Personal income tax in Portugal
Income tax is levied if a person receives:
salary as an employee of a Portuguese company;
payment for activities performed as an individual entrepreneur;
interest and royalties on investments;
rent payments;
pension, including from private pension savings.
A flat rate applies to non-residents — 25%. But only income received from a source in Portugal is taxed. For example, if a Portuguese client pays for the services of an individual entrepreneur.
Tax residents of Portugal pay income tax on a progressive scale, where the rate depends on the amount of annual income.
Portuguese tax residents can return part of the amount of tax paid. An automatic deduction is calculated for those who receive income only from Portuguese sources and only in the form of salaries or pensions.
A taxpayer can apply for a deduction for treatment costs, care for elderly relatives and relatives with disabilities, education, and life and health insurance. A deduction is also made if a person has already paid income tax in another country if Portugal has an agreement with such a country to avoid double taxation.
Income tax rates and deductions for residents
In the case of salaries and pensions, income tax is withheld at payment. The employer or the pension fund pays the tax. At the same time, the first €4,104 of pensions are exempt from tax. But it is mandatory to declare a pension and salary, like all other income for the year.
Married or civil union spouses can file a joint tax return. But this is optional. If you submit separate tax returns, each spouse indicates 50% of the income received by dependent family members.
A fine of €200 to €2,500 is provided for violation of the deadlines for filing a tax return. If taxes are paid late, a penalty of 10 to 100% of unpaid tax will be charged, but not more than €55,000.
If the taxpayer has violated the deadline for filing a tax return for the first time and has never received fines from the Portuguese tax authority, he is exempt from the fine.

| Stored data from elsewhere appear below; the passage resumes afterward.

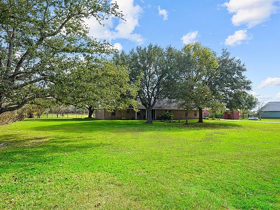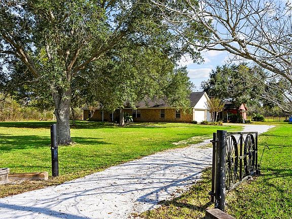 Oh my this is THE ONE! Amazing 2.6 acres located in the sought after community of Manvel under grand oaks...One story, original owner home with long walk way and front porch welcoming you HOME! Formal dining room with storage closet and adjacent wet bar serving area, spacious family room with vaulted ceiling and fireplace, galley style kitchen with built-in appliances and tons of cabinetry, oversized breakfast nook overlooks backyard. Bedrooms are a great size and the storage throughout the home is great! The property offers a well house with electricity, office/flex building with front porch is paneled & has AC, HUGE shop with half bath, electricity & water, separate RV storage, dog run & fenced back pasture with second gated entrance in back as well! You will not want to miss out on owning this piece of country paradise! Call today for your tour!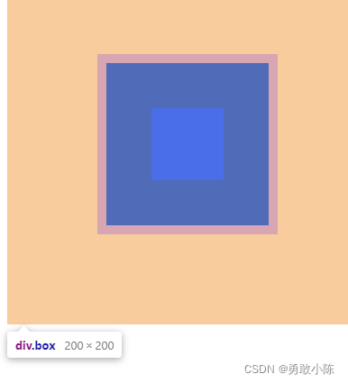 ? ? ? ? 怪异盒模型,可以理解为我们已经把这个盒子换成铁盒子了,不论加padding还是border都不会去影响这个铁盒子,把盒子的空白(padding)加大,内容(content)就会变小,border也是,相当于在内部包装,但是,盒子的大小是不会改变的。还是同一个案例和代码,当改成怪异盒模型的时候,见下图,盒子的大小是写死的200px,添加border和padding只会挤压内容(content)。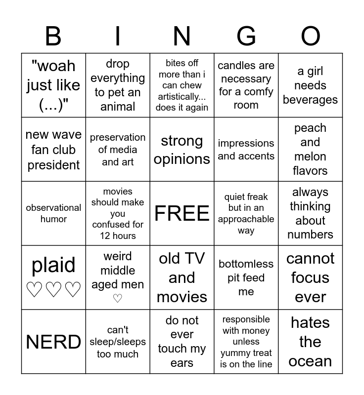 This bingo card has a free space and 24 words: weird middle aged men ♡, can't sleep/sleeps too much, strong opinions, NERD, a girl needs beverages, "woah just like (...)", new wave fan club president, drop everything to pet an animal, quiet freak but in an approachable way, old TV and movies, impressions and accents, observational humor, bottomless pit feed me, cannot focus ever, preservation of media and art, responsible with money unless yummy treat is on the line, always thinking about numbers, bites off more than i can chew artistically... does it again, peach and melon flavors, movies should make you confused for 12 hours, hates the ocean, plaid ♡♡♡, candles are necessary for a comfy room and do not ever touch my ears.

Income declaration schedule
Until February 17th
The taxpayer enters data on the composition of the family in their account on the tax service website
Until February 25th
The taxpayer checks the data on income and expenses on the E-Fatura website
Until March 15th
The taxpayer marks which of the expenses are tax-deductible on the E-Fatura website
From April 1st to June 30th
The taxpayer draws up a tax returnand submits it to the tax service
Until July 31st or November 30th
The tax office calculates the amount of tax payable and issues an invoice
Until August 31st or December 31st
The taxpayer transfers the amount of tax to the bank account specified on the tax service website
Other taxes paid by individuals in Portugal
Additional solidarity rate applies to personal income tax if the payer’s annual income exceeds €80,882:
2,5% — on an income of €80,882 to €250,000;
5% — on an income over €250,000.
The surcharge is calculated separately and is not added to the income tax rate.
Tax on dividends is levied at a rate of 28%. The rate is fixed: it applies to residents and non-residents equally. However, the rate may change if a double tax treaty applies to international payments.
If the company that pays the dividend is registered in a country on the Portuguese blacklist of tax havens, the tax rate rises to 35%.
Stamp duty is levied only in certain situations: in the case of gifts and inheritances when selling a business or a shareholding. The rates apply to all taxpayers, residents and non-residents of Portugal:
5% — sale of a business or share;
10% — gifts;
10% — inheritance.
Social contributions cover family, pension and unemployment benefits. All employees of Portuguese companies make contributions. The applicable rate is 11%, which is deducted from the employee’s salary.
Corporate tax in Portugal for legal entities
The corporate tax is paid by all companies operating in Portugal. If the company is not a Portuguese tax resident, it only pays tax on profits earned in Portugal.
The standard corporate tax rate in mainland Portugal is 21%. The rate is lower in Madeira and the Azores — 14,7%.
Additional income tax may be levied at the municipal, regional and federal levels. Regional rates apply to Madeira and the Azores; federal rates apply to mainland Portugal.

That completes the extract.